I am so blessed to have a life so filled with love and to have my life so together at such a young age. Many people live their entire lives working for what I’ve accomplished so soon, searching for somebody like who I’ve already found, and wishing for the things I have. I still feel guilty for a lot of the questions I used to ask myself but at least I know that they were ridiculous questions to be asking myself. I may be sick but I know that I am loved more than I could ever be loved, and luckier than I could ever wish for myself. I have a love that will always put my happiness first, and who I will do the same for. And no matter how hard I have to fight to stay above the water, I will because I have someone worth fighting for. I won’t let our plans for our life together go unfulfilled.
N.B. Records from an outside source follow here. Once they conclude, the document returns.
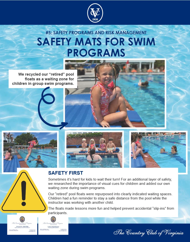 Safety is a top priority, especially in Aquatics. At The Country Club of Virginia, we host group swim lessons each summer for youth 3-8 years of age. We structure our group lessons to be at a ratio of 4 children to 1 swim instructor. The youngest participants tend to be non-swimmers, meaning they need assistance from an adult when in the pool. In years past, we had the participants sit on the brick coping edge of the pool to wait their turn with the instructor. We learned that brick coping gets slippery when wet. This means that the brick was a safety hazard for our participants. Over-eager non-swimmers could easily slip into the pool while waiting their turn, so the Aquatics Department needed a plan to keep participants safe.
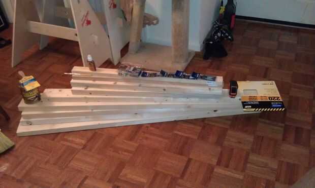 5 2 "x 6" 5 pies (2 de 2 "x 6" x 10' mas un tipo de madera que tiene suerte chatarra)-$10 más 10 minutos de perder el tiempo.
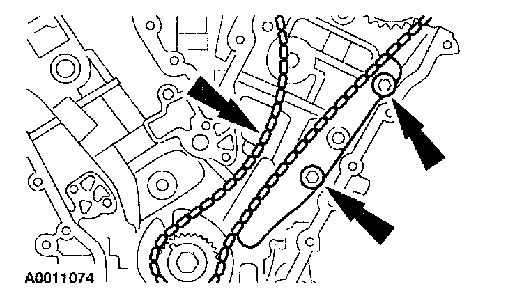 44. Remove the bolts, RH timing chain guide and the timing chain.
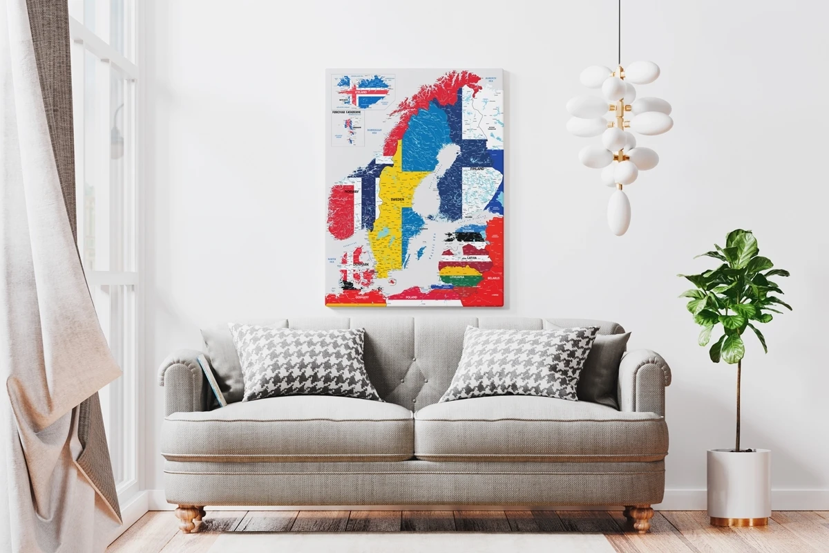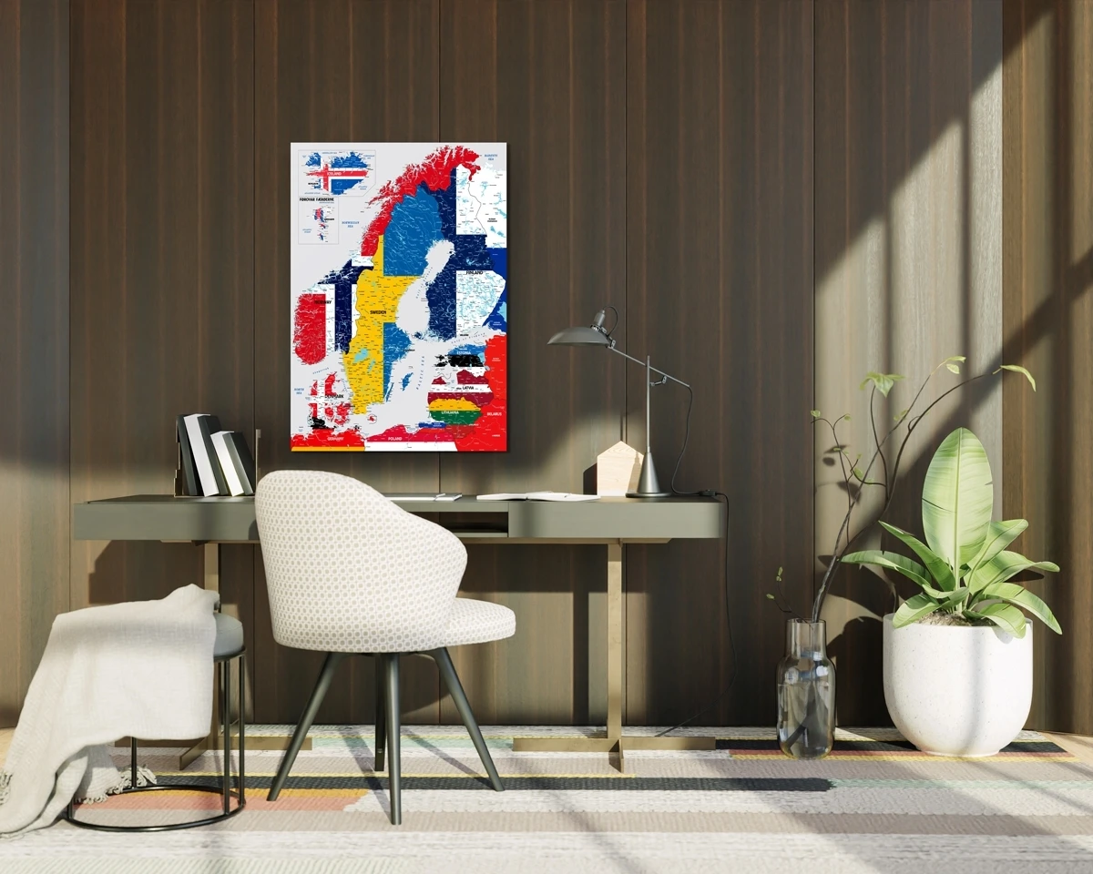 XL 150×100 cm – 199 € L 120×80 cm – 159 € M 100×70 cm – 119 € S 85×60 cm – 99 € MEDŽIAGOS Žemėlapis išliks ryškus ir puikios išvaizdos daugybę metų, nes jam pagaminti naudojamos aukščiausios kokybės medžiagos. Išspausdintas vaizdas yra padengiamas vandens pagrindo rūgščių neturinčiu apsauginiu laku, kuris atitinka muziejuose saugomų eksponatų reikalavimus - iki 80-100 metų spalvos išlieka nepakitusios. Kiekvienas žemėlapis yra kruopščiai pagamintas Lietuvoje profesionalių MyPoint meistrų. Smulkios tekstūros ir tvirta 310g/m² drobė Coala,Aukštos raiškos Mutoh spausdintuvas, užtikrinantis aiškų skaitomumą (Japonija),Originalūs ir ilgaamžiai dažai, suteikiantys ryškias spalvas (Japonija),Nuo blukimo ir neigiamo aplinkos poveikio apsaugantis matinis spaudos lakas (Jungtinė Karalystė);Tvirtas natūralaus medžio porėmis užpildytas su putų plokšte – lengvai konstrukcijai ir patogiam smeigtukų naudojimui (Lietuva).
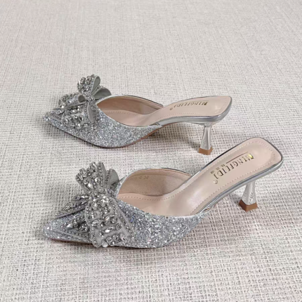 G-Sparkling Silver Crystal Bow Pointed Toe Mule Heels
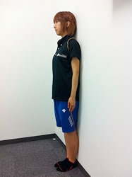壁に後頭部、肩甲骨、臀部をつけて、チェックしてみましょう。背中(おへその真後ろ)にすき間はできていないでしょうか。両肩は浮いていませんか。頭は 後頭部がついていますか。頭頂部(つむじの辺り)がついてあごが上がっていないでしょうか。日常生活の中で、いい姿勢をとるように心がけましょう。
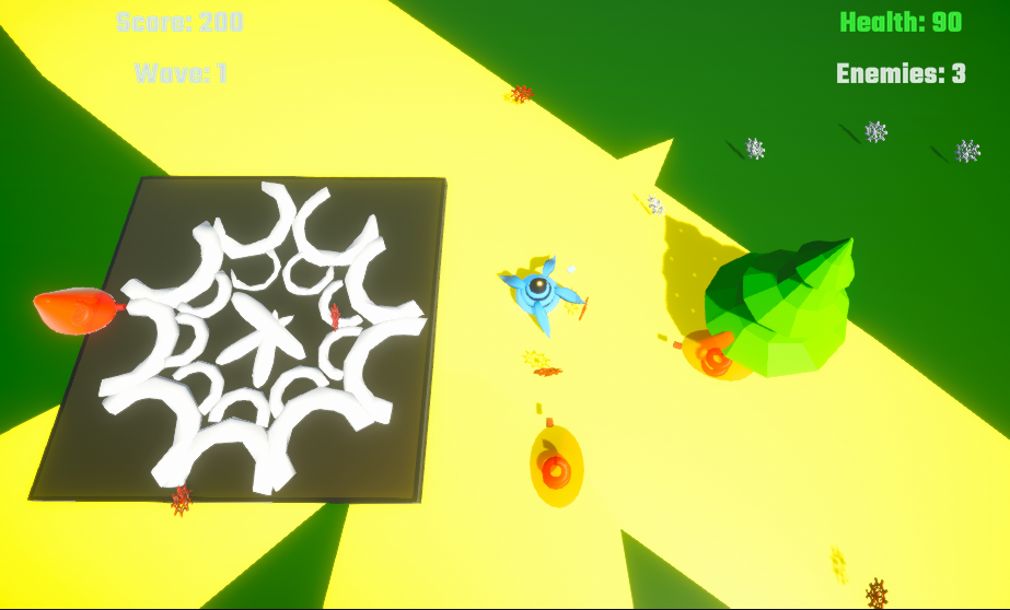 There is no direct enemy to kill. The objective is to keep the toxic pool centered so that plants can be in green land and live.
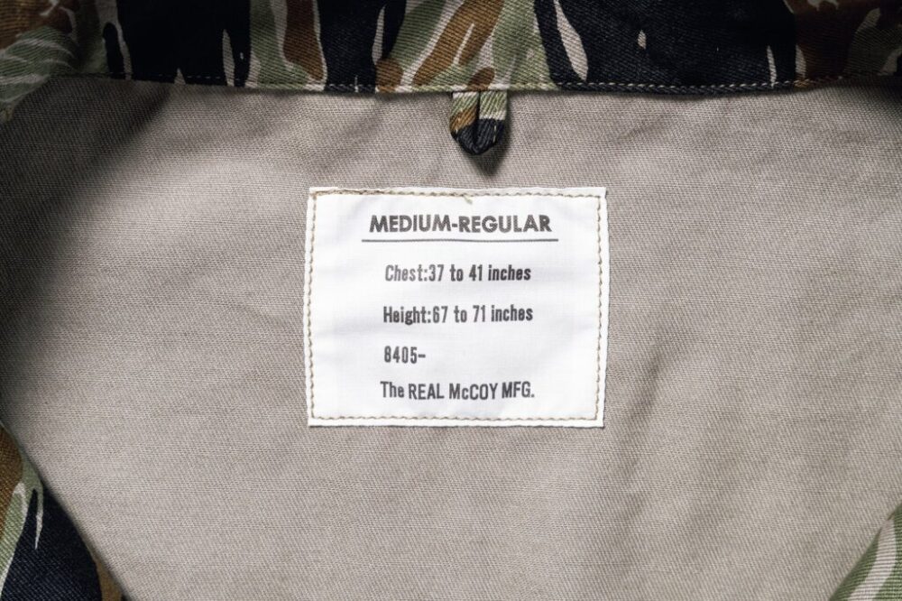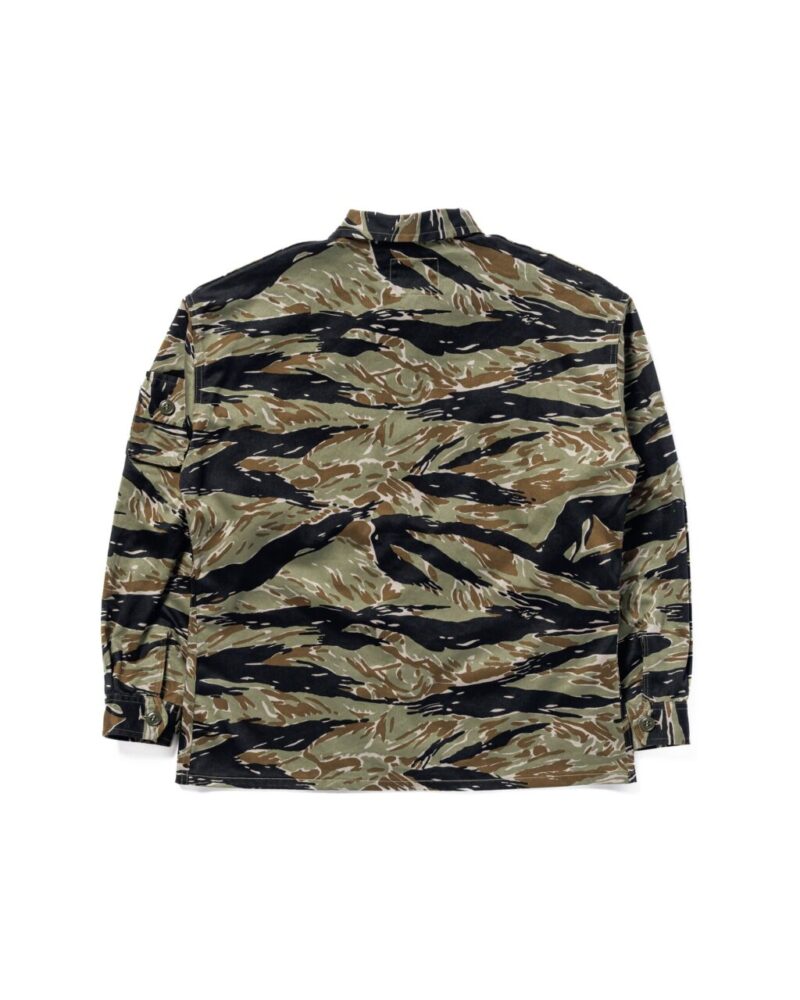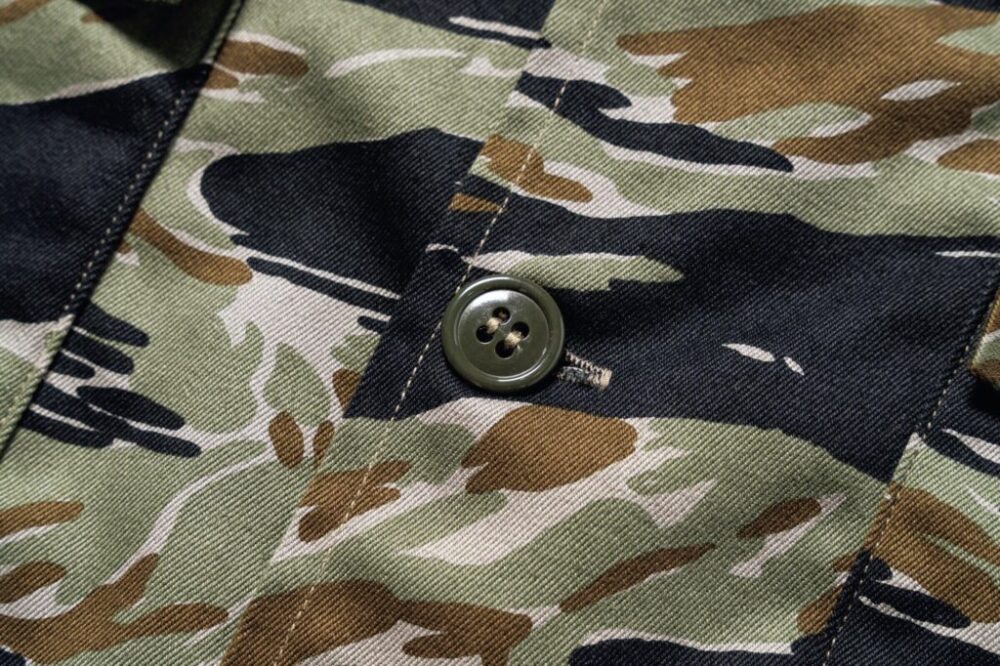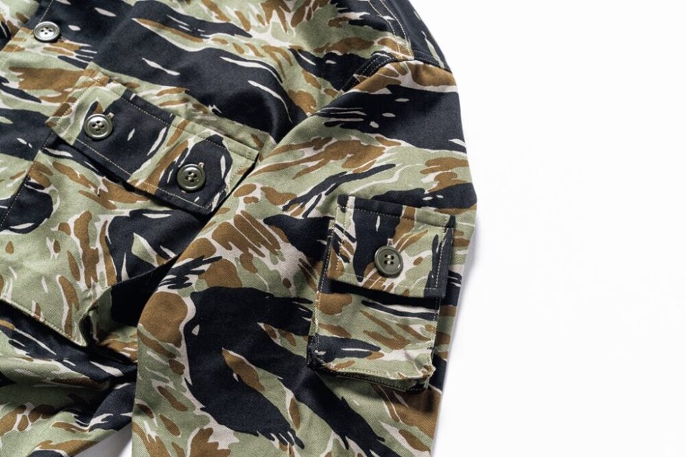 第一次インドシナ戦時、フランス軍空挺部隊に制定されたリザード迷彩が起源となり、1950年代末頃に南ベトナム軍で開発されたタイガーカモフラージュ。数多くのバリエーションが存在する中でもお玉杓子が 現れる柄である通称タッドポールを採用。両胸や左袖に配置されたボタン付きのフラップポケットにはマチが付き、ある程度の収容力も担保された亜熱帯気候向けのシャツジャケットとなっている。Size:S,M,L,XL Price:¥49,500
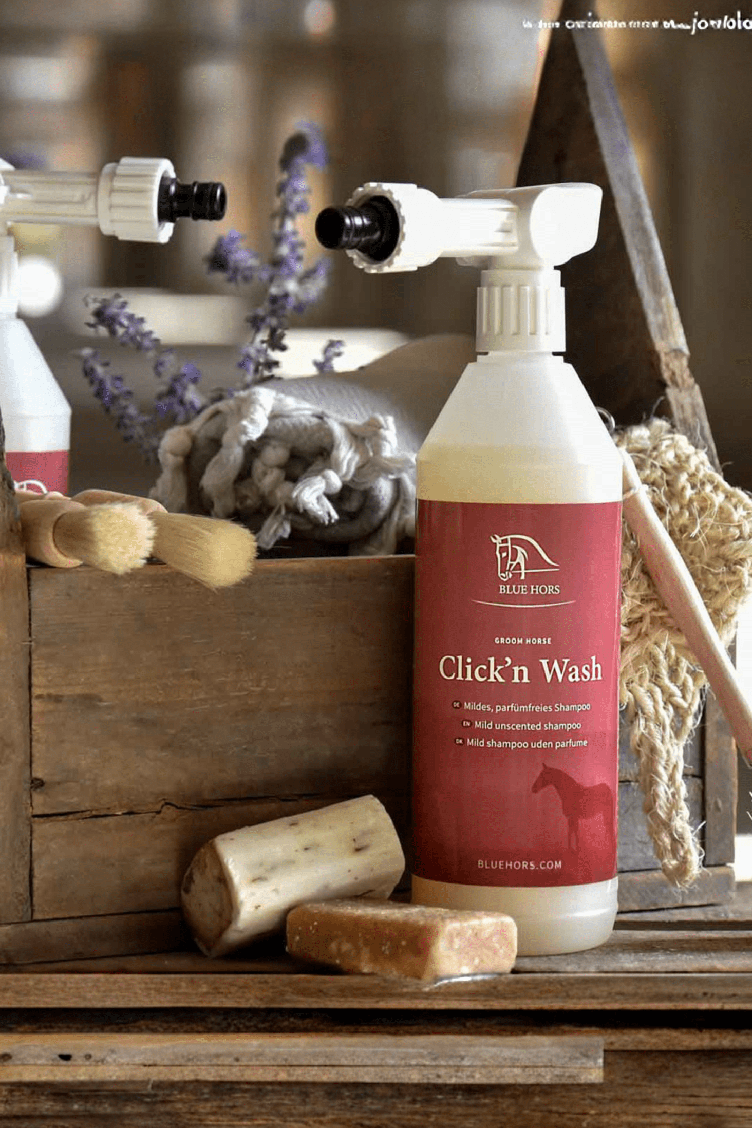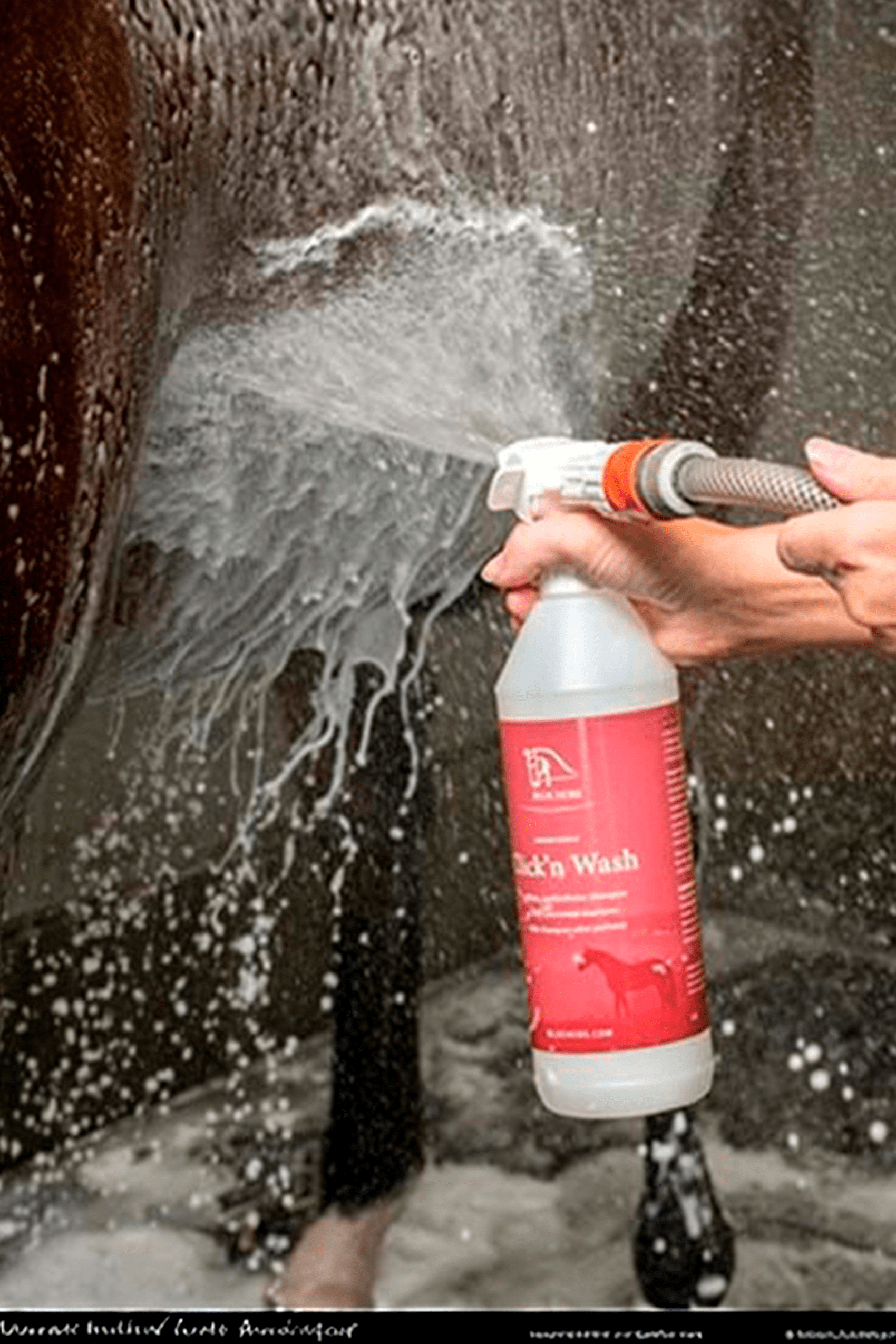 • Zonder mondstuk: Spoel het paard af met lauwwarm water, masseer de shampoo in de vacht en spoel daarna uit.

As time goes on I see that he needs me just as much as I need him. And we don’t love each other because we need each other but we need each other because we love each other. I have a mom who has suffered enough lose in her life to allow her to see me as anything but happy. I will show her that I am grateful for everything that she’s done to get me here, and I will not allow anything that she’s gone through to be taken for granted. I get my strength from her, because if she can do it, then I can do it. And I will remember these things everytime that my demons try to make me think any less of myself.